Work instruction » As soon as the line containing "3、再来调个简单的料汁:生抽2勺 老抽半勺 蚝油1勺" appears in the material below, start returning lines exactly, and end with the line containing "Chakra copper cuff.".

Material provided »
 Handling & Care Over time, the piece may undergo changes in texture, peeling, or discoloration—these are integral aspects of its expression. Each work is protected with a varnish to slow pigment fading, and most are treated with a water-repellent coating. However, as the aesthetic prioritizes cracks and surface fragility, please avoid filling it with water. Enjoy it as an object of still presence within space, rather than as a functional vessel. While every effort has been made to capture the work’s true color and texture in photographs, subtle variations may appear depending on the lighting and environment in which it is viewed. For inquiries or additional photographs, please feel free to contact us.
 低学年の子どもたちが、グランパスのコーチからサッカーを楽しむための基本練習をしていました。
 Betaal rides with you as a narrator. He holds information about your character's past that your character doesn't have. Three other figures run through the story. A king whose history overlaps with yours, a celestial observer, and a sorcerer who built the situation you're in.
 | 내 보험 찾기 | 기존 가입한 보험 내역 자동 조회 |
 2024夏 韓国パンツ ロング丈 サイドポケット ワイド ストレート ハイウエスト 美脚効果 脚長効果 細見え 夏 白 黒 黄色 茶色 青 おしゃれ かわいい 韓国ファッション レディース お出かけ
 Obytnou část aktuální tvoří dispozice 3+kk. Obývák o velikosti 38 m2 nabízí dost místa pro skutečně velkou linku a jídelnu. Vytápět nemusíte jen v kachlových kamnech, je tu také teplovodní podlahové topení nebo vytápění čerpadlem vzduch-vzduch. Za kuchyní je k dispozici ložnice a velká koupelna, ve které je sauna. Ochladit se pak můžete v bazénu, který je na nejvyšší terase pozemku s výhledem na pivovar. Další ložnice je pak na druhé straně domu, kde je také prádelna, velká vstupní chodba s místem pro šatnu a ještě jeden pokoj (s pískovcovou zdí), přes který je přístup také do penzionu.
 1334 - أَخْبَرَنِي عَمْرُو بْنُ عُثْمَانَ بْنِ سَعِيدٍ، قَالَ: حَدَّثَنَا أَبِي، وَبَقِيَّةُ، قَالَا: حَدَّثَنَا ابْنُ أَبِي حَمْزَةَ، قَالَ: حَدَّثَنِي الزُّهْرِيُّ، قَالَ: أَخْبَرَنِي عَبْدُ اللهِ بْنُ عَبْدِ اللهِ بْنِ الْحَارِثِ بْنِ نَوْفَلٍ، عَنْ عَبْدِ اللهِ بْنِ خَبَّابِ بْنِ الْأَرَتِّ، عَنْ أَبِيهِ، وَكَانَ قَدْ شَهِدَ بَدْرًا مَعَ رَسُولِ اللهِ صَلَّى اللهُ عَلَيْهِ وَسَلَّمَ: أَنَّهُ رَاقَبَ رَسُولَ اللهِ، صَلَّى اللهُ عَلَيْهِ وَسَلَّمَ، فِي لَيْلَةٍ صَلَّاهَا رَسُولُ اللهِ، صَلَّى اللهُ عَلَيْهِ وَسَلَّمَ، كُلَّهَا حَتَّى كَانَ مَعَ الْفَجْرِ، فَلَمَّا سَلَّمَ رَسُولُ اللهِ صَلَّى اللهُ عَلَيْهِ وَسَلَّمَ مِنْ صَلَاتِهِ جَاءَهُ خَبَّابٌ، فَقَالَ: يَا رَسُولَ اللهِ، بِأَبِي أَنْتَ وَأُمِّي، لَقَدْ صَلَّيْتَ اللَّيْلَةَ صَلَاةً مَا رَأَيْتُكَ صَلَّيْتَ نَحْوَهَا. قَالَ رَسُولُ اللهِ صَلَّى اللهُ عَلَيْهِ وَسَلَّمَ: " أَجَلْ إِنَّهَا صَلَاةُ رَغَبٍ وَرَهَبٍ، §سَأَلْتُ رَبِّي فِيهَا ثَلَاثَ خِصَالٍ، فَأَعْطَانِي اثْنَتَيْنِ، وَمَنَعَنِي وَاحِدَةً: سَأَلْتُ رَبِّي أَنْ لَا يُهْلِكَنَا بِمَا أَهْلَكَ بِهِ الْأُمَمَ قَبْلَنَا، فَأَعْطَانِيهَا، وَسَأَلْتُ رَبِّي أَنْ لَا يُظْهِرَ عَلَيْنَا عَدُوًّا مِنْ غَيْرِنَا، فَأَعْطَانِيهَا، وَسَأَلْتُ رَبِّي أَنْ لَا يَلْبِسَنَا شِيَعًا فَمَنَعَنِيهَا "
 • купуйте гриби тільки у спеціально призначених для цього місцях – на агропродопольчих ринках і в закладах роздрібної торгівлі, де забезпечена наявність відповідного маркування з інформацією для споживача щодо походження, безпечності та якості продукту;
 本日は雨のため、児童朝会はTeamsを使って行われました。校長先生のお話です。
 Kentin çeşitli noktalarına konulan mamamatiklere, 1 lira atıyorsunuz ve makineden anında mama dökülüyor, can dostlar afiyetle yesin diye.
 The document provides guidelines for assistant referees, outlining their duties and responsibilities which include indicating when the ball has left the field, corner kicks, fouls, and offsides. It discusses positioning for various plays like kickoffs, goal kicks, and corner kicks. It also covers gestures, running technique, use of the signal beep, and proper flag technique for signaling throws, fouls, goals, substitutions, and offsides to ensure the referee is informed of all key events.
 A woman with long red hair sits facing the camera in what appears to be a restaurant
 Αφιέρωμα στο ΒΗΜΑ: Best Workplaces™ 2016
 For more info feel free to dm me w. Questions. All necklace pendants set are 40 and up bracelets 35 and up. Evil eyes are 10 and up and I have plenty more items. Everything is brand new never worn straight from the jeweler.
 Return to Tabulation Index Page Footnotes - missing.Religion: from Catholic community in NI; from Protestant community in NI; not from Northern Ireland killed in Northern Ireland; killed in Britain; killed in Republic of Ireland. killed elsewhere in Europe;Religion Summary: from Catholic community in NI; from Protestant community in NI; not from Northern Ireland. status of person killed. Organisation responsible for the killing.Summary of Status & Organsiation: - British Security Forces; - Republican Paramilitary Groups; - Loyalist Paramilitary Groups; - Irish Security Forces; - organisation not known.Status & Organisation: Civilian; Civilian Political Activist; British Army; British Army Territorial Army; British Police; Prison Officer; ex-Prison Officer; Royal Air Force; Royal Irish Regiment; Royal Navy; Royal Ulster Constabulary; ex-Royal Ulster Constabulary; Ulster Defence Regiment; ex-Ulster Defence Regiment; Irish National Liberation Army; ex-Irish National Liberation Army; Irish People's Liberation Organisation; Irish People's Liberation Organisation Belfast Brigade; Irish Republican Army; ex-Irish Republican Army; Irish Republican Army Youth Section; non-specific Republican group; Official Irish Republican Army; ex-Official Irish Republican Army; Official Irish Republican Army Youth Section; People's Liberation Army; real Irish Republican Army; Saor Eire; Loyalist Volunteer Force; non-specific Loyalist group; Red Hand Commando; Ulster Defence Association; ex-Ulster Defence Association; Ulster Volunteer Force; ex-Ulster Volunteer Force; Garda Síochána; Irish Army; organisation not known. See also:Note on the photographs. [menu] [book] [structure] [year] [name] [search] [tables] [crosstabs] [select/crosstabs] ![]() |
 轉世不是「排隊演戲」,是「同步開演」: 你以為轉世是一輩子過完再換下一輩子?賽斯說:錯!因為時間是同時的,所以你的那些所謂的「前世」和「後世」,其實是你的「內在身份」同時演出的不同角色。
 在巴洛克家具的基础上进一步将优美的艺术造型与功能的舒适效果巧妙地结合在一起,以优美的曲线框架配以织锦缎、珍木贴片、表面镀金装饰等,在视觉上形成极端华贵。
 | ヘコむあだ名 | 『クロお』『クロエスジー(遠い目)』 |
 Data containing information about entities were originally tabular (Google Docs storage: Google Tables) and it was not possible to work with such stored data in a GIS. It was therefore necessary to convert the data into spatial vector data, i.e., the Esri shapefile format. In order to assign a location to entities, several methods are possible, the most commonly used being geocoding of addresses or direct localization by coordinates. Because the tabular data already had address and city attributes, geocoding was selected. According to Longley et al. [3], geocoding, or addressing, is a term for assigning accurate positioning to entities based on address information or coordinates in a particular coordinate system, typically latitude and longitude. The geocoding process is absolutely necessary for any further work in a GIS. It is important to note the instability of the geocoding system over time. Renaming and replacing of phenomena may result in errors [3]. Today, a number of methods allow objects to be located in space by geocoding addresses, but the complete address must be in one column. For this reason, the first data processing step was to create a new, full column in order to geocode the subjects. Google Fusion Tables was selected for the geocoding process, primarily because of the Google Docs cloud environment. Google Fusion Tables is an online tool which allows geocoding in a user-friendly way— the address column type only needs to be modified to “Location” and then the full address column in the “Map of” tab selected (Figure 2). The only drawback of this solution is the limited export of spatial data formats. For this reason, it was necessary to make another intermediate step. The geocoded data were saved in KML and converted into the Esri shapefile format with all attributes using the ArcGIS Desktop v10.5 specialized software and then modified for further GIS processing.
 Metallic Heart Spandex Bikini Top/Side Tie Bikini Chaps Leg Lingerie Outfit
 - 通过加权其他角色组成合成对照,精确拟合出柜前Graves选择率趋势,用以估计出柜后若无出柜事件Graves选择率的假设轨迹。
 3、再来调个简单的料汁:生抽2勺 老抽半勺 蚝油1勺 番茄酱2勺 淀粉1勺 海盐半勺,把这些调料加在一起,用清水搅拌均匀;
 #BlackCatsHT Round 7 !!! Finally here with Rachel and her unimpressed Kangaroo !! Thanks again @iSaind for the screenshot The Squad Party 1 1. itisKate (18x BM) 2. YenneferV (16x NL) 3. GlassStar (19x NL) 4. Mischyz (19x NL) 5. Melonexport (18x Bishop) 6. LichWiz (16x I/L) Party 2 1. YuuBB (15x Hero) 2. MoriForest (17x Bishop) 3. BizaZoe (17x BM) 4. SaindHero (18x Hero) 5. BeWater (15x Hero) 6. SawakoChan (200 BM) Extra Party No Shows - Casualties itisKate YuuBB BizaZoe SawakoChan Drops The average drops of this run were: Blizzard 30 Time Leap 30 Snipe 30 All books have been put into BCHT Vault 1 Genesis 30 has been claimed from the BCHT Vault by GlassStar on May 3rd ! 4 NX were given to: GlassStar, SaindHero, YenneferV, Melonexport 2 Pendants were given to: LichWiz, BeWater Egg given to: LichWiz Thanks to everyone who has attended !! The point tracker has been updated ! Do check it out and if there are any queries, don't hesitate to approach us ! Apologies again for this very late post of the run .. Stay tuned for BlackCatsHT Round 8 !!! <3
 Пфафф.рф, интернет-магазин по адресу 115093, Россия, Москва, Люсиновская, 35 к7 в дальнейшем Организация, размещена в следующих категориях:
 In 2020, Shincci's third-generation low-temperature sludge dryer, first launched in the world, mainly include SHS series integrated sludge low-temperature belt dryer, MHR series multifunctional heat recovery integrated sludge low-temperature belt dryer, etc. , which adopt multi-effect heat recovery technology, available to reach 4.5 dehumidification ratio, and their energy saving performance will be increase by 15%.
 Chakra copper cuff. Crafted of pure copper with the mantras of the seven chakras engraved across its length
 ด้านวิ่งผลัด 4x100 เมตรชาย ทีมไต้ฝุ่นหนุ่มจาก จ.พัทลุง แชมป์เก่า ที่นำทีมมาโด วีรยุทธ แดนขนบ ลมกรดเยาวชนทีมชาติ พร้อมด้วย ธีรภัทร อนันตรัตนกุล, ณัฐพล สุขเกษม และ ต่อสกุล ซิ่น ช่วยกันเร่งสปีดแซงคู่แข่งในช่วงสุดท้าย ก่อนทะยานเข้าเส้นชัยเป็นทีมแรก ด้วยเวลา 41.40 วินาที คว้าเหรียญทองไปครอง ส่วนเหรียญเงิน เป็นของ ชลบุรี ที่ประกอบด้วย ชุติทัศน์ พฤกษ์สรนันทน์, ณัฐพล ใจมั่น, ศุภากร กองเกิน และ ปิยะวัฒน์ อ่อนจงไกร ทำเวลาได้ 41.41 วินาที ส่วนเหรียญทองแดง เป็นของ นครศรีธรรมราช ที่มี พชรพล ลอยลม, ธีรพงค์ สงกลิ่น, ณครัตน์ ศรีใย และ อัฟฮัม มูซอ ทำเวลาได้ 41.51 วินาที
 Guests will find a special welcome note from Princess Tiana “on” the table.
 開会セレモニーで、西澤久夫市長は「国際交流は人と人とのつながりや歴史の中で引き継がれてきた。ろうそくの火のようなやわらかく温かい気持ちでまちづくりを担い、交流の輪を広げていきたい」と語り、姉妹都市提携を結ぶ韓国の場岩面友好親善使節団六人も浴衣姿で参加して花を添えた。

Response area »
 3、再来调个简单的料汁:生抽2勺 老抽半勺 蚝油1勺 番茄酱2勺 淀粉1勺 海盐半勺,把这些调料加在一起,用清水搅拌均匀;
 #BlackCatsHT Round 7 !!! Finally here with Rachel and her unimpressed Kangaroo !! Thanks again @iSaind for the screenshot The Squad Party 1 1. itisKate (18x BM) 2. YenneferV (16x NL) 3. GlassStar (19x NL) 4. Mischyz (19x NL) 5. Melonexport (18x Bishop) 6. LichWiz (16x I/L) Party 2 1. YuuBB (15x Hero) 2. MoriForest (17x Bishop) 3. BizaZoe (17x BM) 4. SaindHero (18x Hero) 5. BeWater (15x Hero) 6. SawakoChan (200 BM) Extra Party No Shows - Casualties itisKate YuuBB BizaZoe SawakoChan Drops The average drops of this run were: Blizzard 30 Time Leap 30 Snipe 30 All books have been put into BCHT Vault 1 Genesis 30 has been claimed from the BCHT Vault by GlassStar on May 3rd ! 4 NX were given to: GlassStar, SaindHero, YenneferV, Melonexport 2 Pendants were given to: LichWiz, BeWater Egg given to: LichWiz Thanks to everyone who has attended !! The point tracker has been updated ! Do check it out and if there are any queries, don't hesitate to approach us ! Apologies again for this very late post of the run .. Stay tuned for BlackCatsHT Round 8 !!! <3
 Пфафф.рф, интернет-магазин по адресу 115093, Россия, Москва, Люсиновская, 35 к7 в дальнейшем Организация, размещена в следующих категориях:
 In 2020, Shincci's third-generation low-temperature sludge dryer, first launched in the world, mainly include SHS series integrated sludge low-temperature belt dryer, MHR series multifunctional heat recovery integrated sludge low-temperature belt dryer, etc. , which adopt multi-effect heat recovery technology, available to reach 4.5 dehumidification ratio, and their energy saving performance will be increase by 15%.
 Chakra copper cuff. Crafted of pure copper with the mantras of the seven chakras engraved across its length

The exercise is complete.